Congress should not accept President Barack Obama's claim that U.S. efforts against Libya don't fall under the War Powers Act. Credit: Bloomberg News File

President Barack Obama tried hard Wednesday to make the case that he doesn't need congressional approval to continue the air war in Libya because it's not the kind of hostilities covered by the War Powers Act. He tried and failed.

However he parses the definition of hostilities, the intent of Congress reflected in the act is clear. A president can commit the U.S. military to a fight, but after 60 days he needs the permission of Congress to continue. It's a pragmatic arrangement that gives a president the latitude to respond to fast-moving events while honoring the Constitution, which gives Congress alone the power to declare war.
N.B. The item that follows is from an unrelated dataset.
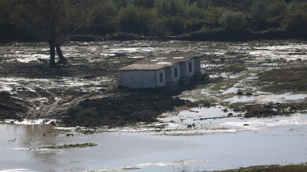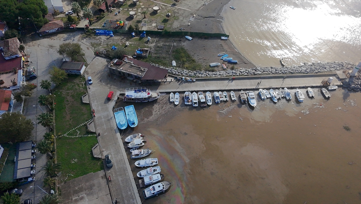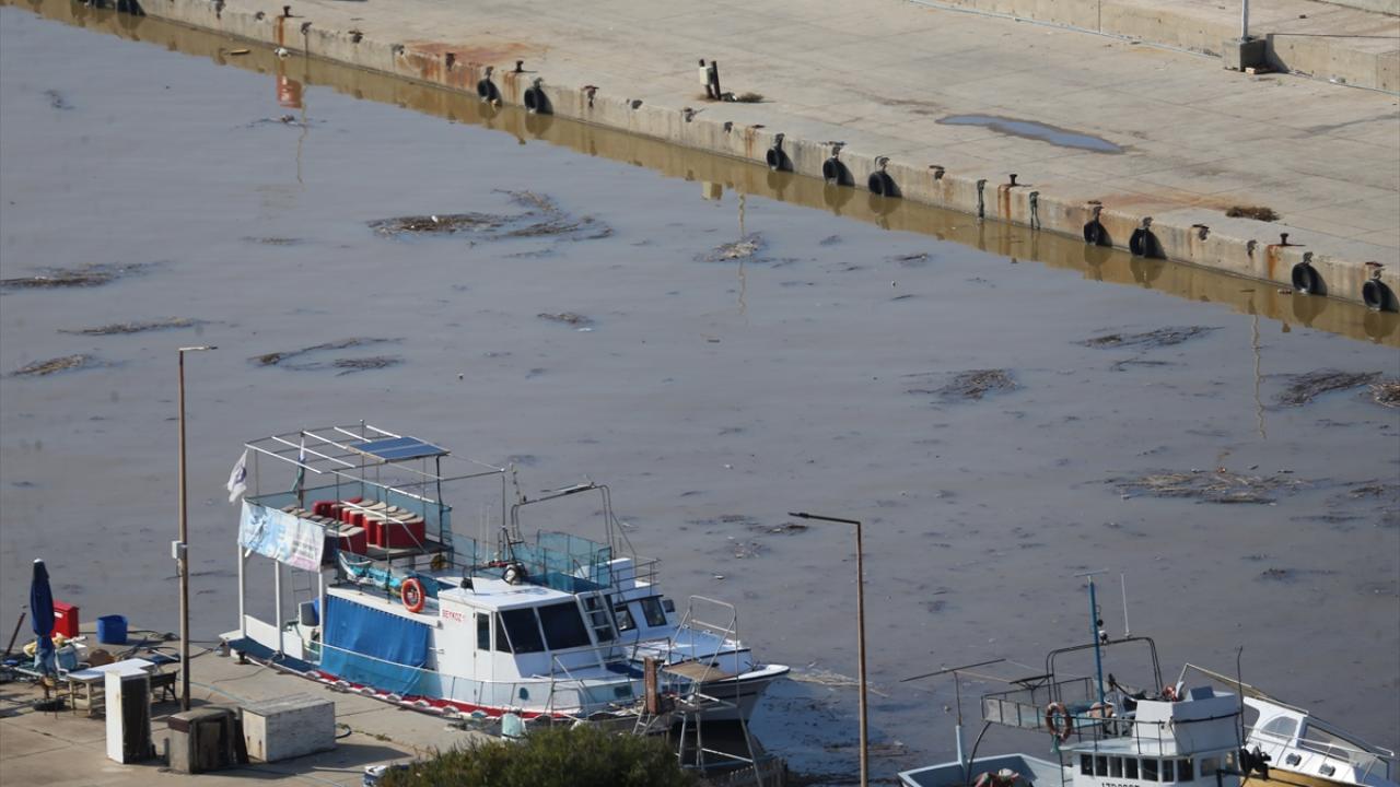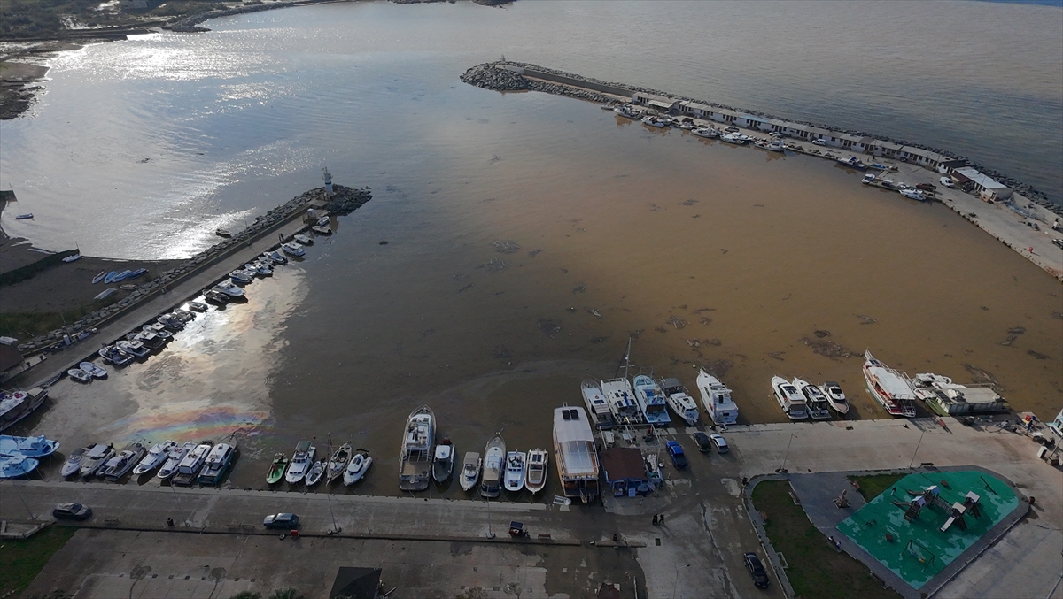 Çanakkale'nin Gökçeada ilçesinde gece yarısı başlayan kuvvetli sağanak nedeniyle oluşan yağmur suları ve çamur denizin rengini değiştirdi.

If Obama is allowed to blow a hole in the law for Libya, there will be almost no limit to a president's power to wage war.

Congress has been uncharacteristically aggressive and bipartisan in insisting that Obama follow the letter of the law in Libya. That restiveness is a reflection of the public's growing war fatigue.

A decade after 9/11, there are serious questions about the wisdom of war on so many fronts around the globe. Terrorism is still a threat, and the nation must remain vigilant. But Osama bin Laden is dead and al-Qaida -- which has taken lately to announcing executive successions on its website and producing an online magazine -- isn't the fearsome force it once was.

With U.S. troops being withdrawn from Iraq, and Obama expected to announce in the next few weeks how many of the 100,000 U.S. troops in Afghanistan he will withdraw in July, the time is right for a national dialogue on the future of the nation's wars -- including the conflict in Libya.

NATO recently extended until Sept. 27 the air war and no-fly zone it initiated in March to protect Libyan civilians. So a mission that was supposed to be quick and limited shows signs of morphing into something more, a protracted civil war with NATO holding out for the ouster of Libyan dictator Moammar Gadhafi.

Looking to continue the fight without congressional approval, Obama insisted in a 32-page report to Congress that the Libya campaign is not the sort of hostilities envisioned by the War Powers Act. He argues that there are no U.S. ground troops in Libya, U.S. forces are not in harm's way and have not been directly involved in hostilities since NATO took over in April. That's when the U.S. moved into a support role that involves no active exchanges of fire with hostile troops. But the U.S. is hitting targets in Libya with missiles from unmanned drone aircraft.

The War Powers Act doesn't define hostilities. And the Supreme Court has never ruled on the issue. Ten members of Congress sued Wednesday, asking a judge to order Obama to pull the United States out of the operation. But the courts have historically declined to decide "political questions," leaving issues such as war to the other branches.

There is no ambiguity here. There is a shooting war going on in Libya. NATO, including the United States, is firing missiles into that nation, destroying government facilities and killing people to protect and assist one side in the conflict. That's a war, and Obama needs the approval of Congress to keep fighting it.